Activity: What is needed is the whole of the data, set down exactly.

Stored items
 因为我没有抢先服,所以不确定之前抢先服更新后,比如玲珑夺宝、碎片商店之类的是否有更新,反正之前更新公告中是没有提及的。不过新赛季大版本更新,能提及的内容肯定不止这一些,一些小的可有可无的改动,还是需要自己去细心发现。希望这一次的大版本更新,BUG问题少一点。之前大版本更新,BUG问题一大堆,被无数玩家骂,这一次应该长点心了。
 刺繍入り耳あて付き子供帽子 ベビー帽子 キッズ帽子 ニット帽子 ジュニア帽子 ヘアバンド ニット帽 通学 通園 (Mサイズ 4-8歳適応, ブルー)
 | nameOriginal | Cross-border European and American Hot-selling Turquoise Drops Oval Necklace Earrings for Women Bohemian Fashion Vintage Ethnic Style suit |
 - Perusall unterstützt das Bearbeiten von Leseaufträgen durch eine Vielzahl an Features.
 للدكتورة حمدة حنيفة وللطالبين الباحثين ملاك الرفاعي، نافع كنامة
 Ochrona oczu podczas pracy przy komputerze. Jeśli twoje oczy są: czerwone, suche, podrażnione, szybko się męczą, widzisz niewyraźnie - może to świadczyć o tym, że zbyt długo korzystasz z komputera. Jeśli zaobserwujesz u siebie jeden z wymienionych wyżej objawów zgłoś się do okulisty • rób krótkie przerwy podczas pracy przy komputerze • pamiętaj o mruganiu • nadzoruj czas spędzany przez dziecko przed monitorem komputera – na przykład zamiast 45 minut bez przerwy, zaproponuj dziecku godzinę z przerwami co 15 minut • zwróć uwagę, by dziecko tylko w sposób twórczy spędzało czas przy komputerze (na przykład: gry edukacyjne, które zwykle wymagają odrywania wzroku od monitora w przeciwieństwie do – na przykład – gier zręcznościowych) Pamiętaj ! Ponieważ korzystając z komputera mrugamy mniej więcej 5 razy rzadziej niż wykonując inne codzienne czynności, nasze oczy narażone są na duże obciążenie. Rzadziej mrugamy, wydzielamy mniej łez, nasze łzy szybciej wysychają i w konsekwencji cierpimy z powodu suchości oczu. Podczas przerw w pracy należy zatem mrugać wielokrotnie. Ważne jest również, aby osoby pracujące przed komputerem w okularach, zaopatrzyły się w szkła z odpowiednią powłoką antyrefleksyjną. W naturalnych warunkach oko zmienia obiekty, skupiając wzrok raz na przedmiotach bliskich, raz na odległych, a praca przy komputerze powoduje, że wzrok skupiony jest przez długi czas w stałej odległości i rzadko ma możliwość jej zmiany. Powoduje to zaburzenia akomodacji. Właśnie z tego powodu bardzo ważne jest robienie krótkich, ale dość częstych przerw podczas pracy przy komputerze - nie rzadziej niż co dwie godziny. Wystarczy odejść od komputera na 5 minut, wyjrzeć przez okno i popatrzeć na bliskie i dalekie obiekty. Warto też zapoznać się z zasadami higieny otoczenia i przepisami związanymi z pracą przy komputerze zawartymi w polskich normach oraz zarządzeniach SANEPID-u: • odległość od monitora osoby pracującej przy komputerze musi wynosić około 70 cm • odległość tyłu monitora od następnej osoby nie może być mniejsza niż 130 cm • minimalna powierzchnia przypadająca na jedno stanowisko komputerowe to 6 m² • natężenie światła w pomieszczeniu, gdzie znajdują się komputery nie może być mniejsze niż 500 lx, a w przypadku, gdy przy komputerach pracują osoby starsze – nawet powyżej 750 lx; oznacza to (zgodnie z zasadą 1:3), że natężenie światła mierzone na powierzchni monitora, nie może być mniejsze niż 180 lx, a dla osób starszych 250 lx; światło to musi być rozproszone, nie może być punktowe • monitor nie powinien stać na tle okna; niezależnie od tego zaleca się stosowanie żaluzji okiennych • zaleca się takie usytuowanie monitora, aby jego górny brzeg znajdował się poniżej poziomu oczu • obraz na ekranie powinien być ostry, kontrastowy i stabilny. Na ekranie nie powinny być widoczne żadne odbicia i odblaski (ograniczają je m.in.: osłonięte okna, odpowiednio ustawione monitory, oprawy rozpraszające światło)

Written solution:
 因为我没有抢先服,所以不确定之前抢先服更新后,比如玲珑夺宝、碎片商店之类的是否有更新,反正之前更新公告中是没有提及的。不过新赛季大版本更新,能提及的内容肯定不止这一些,一些小的可有可无的改动,还是需要自己去细心发现。希望这一次的大版本更新,BUG问题少一点。之前大版本更新,BUG问题一大堆,被无数玩家骂,这一次应该长点心了。
 刺繍入り耳あて付き子供帽子 ベビー帽子 キッズ帽子 ニット帽子 ジュニア帽子 ヘアバンド ニット帽 通学 通園 (Mサイズ 4-8歳適応, ブルー)
 | nameOriginal | Cross-border European and American Hot-selling Turquoise Drops Oval Necklace Earrings for Women Bohemian Fashion Vintage Ethnic Style suit |
 - Perusall unterstützt das Bearbeiten von Leseaufträgen durch eine Vielzahl an Features.
 للدكتورة حمدة حنيفة وللطالبين الباحثين ملاك الرفاعي، نافع كنامة
 Ochrona oczu podczas pracy przy komputerze. Jeśli twoje oczy są: czerwone, suche, podrażnione, szybko się męczą, widzisz niewyraźnie - może to świadczyć o tym, że zbyt długo korzystasz z komputera. Jeśli zaobserwujesz u siebie jeden z wymienionych wyżej objawów zgłoś się do okulisty • rób krótkie przerwy podczas pracy przy komputerze • pamiętaj o mruganiu • nadzoruj czas spędzany przez dziecko przed monitorem komputera – na przykład zamiast 45 minut bez przerwy, zaproponuj dziecku godzinę z przerwami co 15 minut • zwróć uwagę, by dziecko tylko w sposób twórczy spędzało czas przy komputerze (na przykład: gry edukacyjne, które zwykle wymagają odrywania wzroku od monitora w przeciwieństwie do – na przykład – gier zręcznościowych) Pamiętaj ! Ponieważ korzystając z komputera mrugamy mniej więcej 5 razy rzadziej niż wykonując inne codzienne czynności, nasze oczy narażone są na duże obciążenie. Rzadziej mrugamy, wydzielamy mniej łez, nasze łzy szybciej wysychają i w konsekwencji cierpimy z powodu suchości oczu. Podczas przerw w pracy należy zatem mrugać wielokrotnie. Ważne jest również, aby osoby pracujące przed komputerem w okularach, zaopatrzyły się w szkła z odpowiednią powłoką antyrefleksyjną. W naturalnych warunkach oko zmienia obiekty, skupiając wzrok raz na przedmiotach bliskich, raz na odległych, a praca przy komputerze powoduje, że wzrok skupiony jest przez długi czas w stałej odległości i rzadko ma możliwość jej zmiany. Powoduje to zaburzenia akomodacji. Właśnie z tego powodu bardzo ważne jest robienie krótkich, ale dość częstych przerw podczas pracy przy komputerze - nie rzadziej niż co dwie godziny. Wystarczy odejść od komputera na 5 minut, wyjrzeć przez okno i popatrzeć na bliskie i dalekie obiekty. Warto też zapoznać się z zasadami higieny otoczenia i przepisami związanymi z pracą przy komputerze zawartymi w polskich normach oraz zarządzeniach SANEPID-u: • odległość od monitora osoby pracującej przy komputerze musi wynosić około 70 cm • odległość tyłu monitora od następnej osoby nie może być mniejsza niż 130 cm • minimalna powierzchnia przypadająca na jedno stanowisko komputerowe to 6 m² • natężenie światła w pomieszczeniu, gdzie znajdują się komputery nie może być mniejsze niż 500 lx, a w przypadku, gdy przy komputerach pracują osoby starsze – nawet powyżej 750 lx; oznacza to (zgodnie z zasadą 1:3), że natężenie światła mierzone na powierzchni monitora, nie może być mniejsze niż 180 lx, a dla osób starszych 250 lx; światło to musi być rozproszone, nie może być punktowe • monitor nie powinien stać na tle okna; niezależnie od tego zaleca się stosowanie żaluzji okiennych • zaleca się takie usytuowanie monitora, aby jego górny brzeg znajdował się poniżej poziomu oczu • obraz na ekranie powinien być ostry, kontrastowy i stabilny. Na ekranie nie powinny być widoczne żadne odbicia i odblaski (ograniczają je m.in.: osłonięte okna, odpowiednio ustawione monitory, oprawy rozpraszające światło)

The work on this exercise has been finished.